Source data

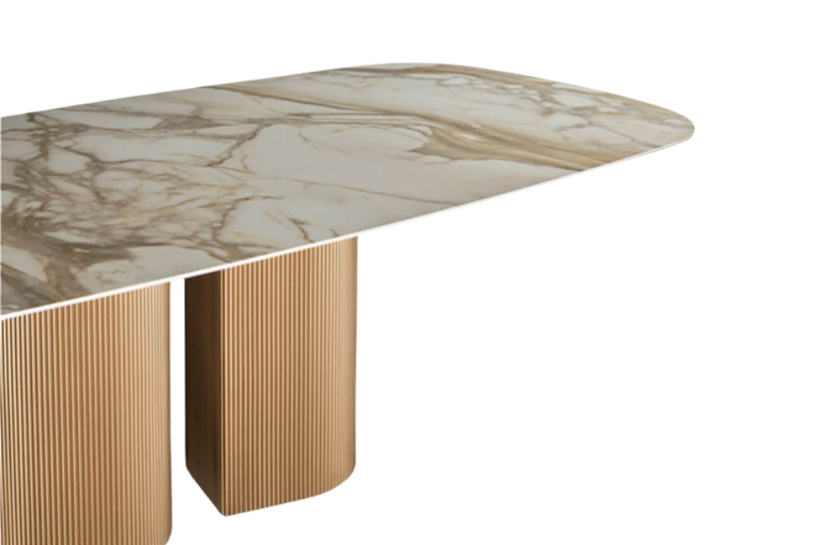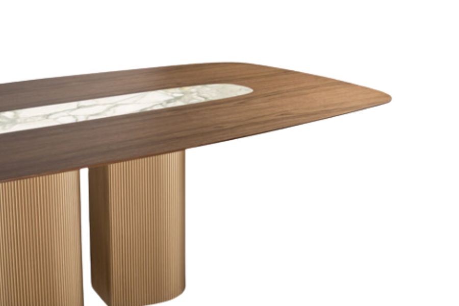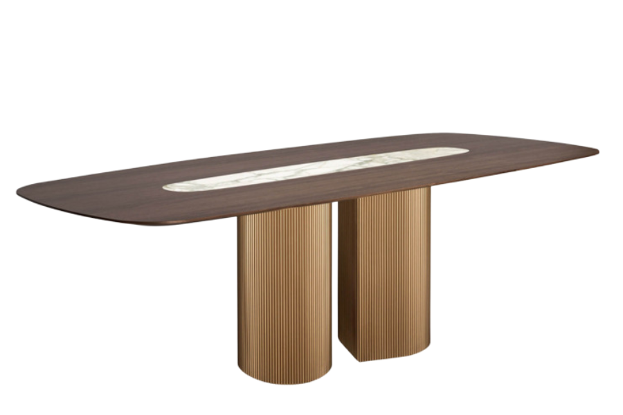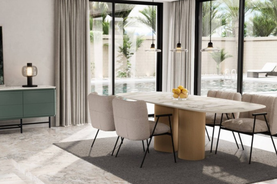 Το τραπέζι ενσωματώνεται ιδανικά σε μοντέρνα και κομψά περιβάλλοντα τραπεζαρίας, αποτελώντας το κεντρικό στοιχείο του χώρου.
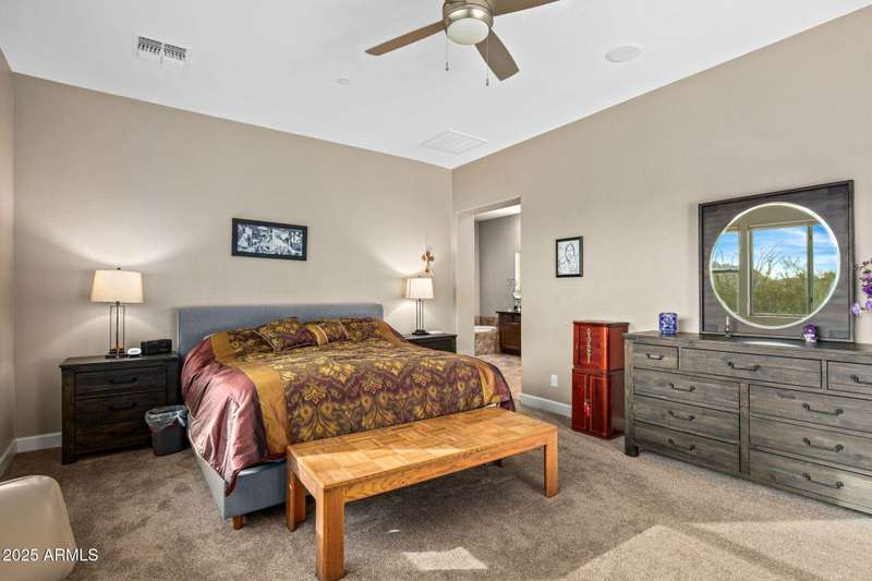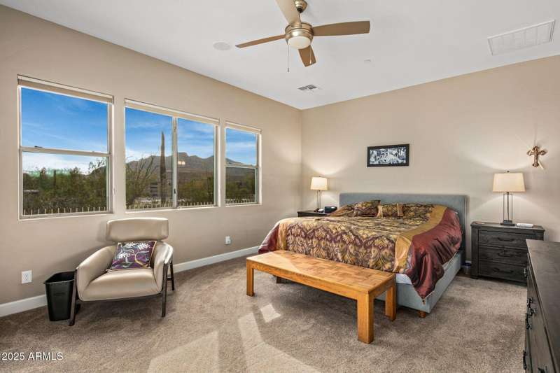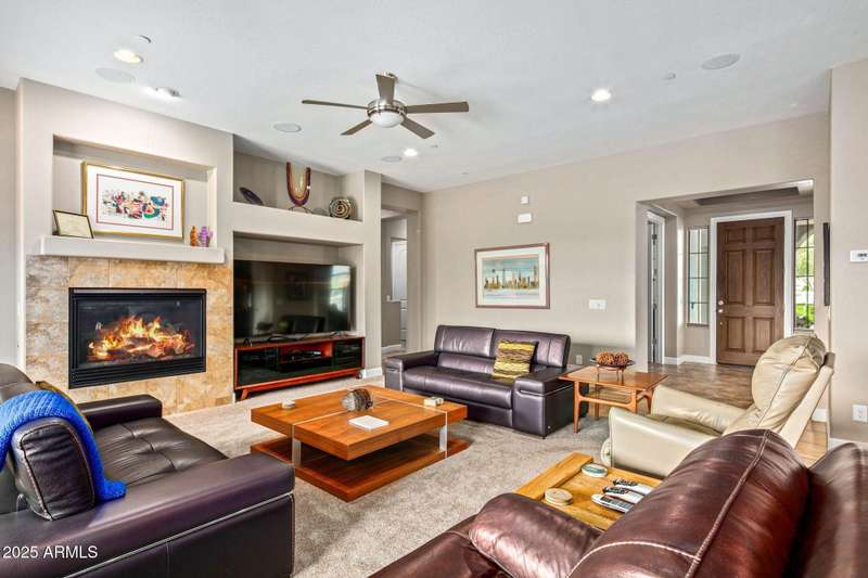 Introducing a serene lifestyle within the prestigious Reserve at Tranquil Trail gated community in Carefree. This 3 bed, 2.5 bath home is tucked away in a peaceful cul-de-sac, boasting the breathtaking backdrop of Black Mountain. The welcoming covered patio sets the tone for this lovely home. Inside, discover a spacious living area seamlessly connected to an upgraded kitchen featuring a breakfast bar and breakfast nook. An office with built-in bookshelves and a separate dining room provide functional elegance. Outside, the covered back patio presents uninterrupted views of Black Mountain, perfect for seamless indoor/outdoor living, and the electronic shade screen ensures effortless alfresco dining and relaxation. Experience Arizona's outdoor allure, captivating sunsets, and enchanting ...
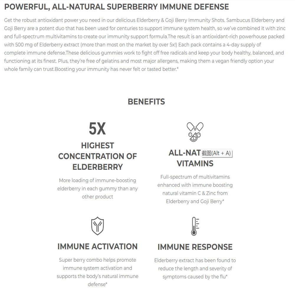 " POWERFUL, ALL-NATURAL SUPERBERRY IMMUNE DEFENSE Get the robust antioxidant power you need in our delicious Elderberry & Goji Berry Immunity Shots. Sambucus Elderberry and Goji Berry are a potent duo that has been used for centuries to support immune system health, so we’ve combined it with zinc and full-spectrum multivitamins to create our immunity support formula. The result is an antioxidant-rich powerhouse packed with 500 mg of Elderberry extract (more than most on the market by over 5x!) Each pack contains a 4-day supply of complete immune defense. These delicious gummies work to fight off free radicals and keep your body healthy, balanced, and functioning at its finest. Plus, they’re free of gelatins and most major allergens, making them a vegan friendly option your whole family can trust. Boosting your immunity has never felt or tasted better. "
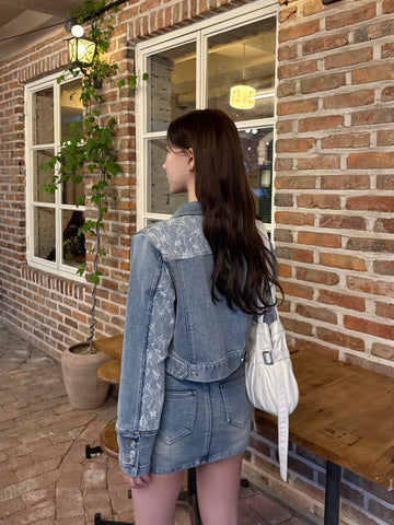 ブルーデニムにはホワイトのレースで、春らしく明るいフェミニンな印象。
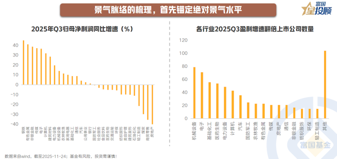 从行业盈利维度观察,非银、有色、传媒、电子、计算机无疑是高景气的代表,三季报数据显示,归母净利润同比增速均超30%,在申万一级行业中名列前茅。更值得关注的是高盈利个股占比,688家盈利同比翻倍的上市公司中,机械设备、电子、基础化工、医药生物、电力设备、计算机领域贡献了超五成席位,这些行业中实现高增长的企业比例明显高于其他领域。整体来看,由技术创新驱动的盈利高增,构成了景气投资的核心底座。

=== Prompt ===
Please print all of the records above exactly, omitting each picture.

=== Your response ===
 Το τραπέζι ενσωματώνεται ιδανικά σε μοντέρνα και κομψά περιβάλλοντα τραπεζαρίας, αποτελώντας το κεντρικό στοιχείο του χώρου.
 Introducing a serene lifestyle within the prestigious Reserve at Tranquil Trail gated community in Carefree. This 3 bed, 2.5 bath home is tucked away in a peaceful cul-de-sac, boasting the breathtaking backdrop of Black Mountain. The welcoming covered patio sets the tone for this lovely home. Inside, discover a spacious living area seamlessly connected to an upgraded kitchen featuring a breakfast bar and breakfast nook. An office with built-in bookshelves and a separate dining room provide functional elegance. Outside, the covered back patio presents uninterrupted views of Black Mountain, perfect for seamless indoor/outdoor living, and the electronic shade screen ensures effortless alfresco dining and relaxation. Experience Arizona's outdoor allure, captivating sunsets, and enchanting ...
 " POWERFUL, ALL-NATURAL SUPERBERRY IMMUNE DEFENSE Get the robust antioxidant power you need in our delicious Elderberry & Goji Berry Immunity Shots. Sambucus Elderberry and Goji Berry are a potent duo that has been used for centuries to support immune system health, so we’ve combined it with zinc and full-spectrum multivitamins to create our immunity support formula. The result is an antioxidant-rich powerhouse packed with 500 mg of Elderberry extract (more than most on the market by over 5x!) Each pack contains a 4-day supply of complete immune defense. These delicious gummies work to fight off free radicals and keep your body healthy, balanced, and functioning at its finest. Plus, they’re free of gelatins and most major allergens, making them a vegan friendly option your whole family can trust. Boosting your immunity has never felt or tasted better. "
 ブルーデニムにはホワイトのレースで、春らしく明るいフェミニンな印象。
 从行业盈利维度观察,非银、有色、传媒、电子、计算机无疑是高景气的代表,三季报数据显示,归母净利润同比增速均超30%,在申万一级行业中名列前茅。更值得关注的是高盈利个股占比,688家盈利同比翻倍的上市公司中,机械设备、电子、基础化工、医药生物、电力设备、计算机领域贡献了超五成席位,这些行业中实现高增长的企业比例明显高于其他领域。整体来看,由技术创新驱动的盈利高增,构成了景气投资的核心底座。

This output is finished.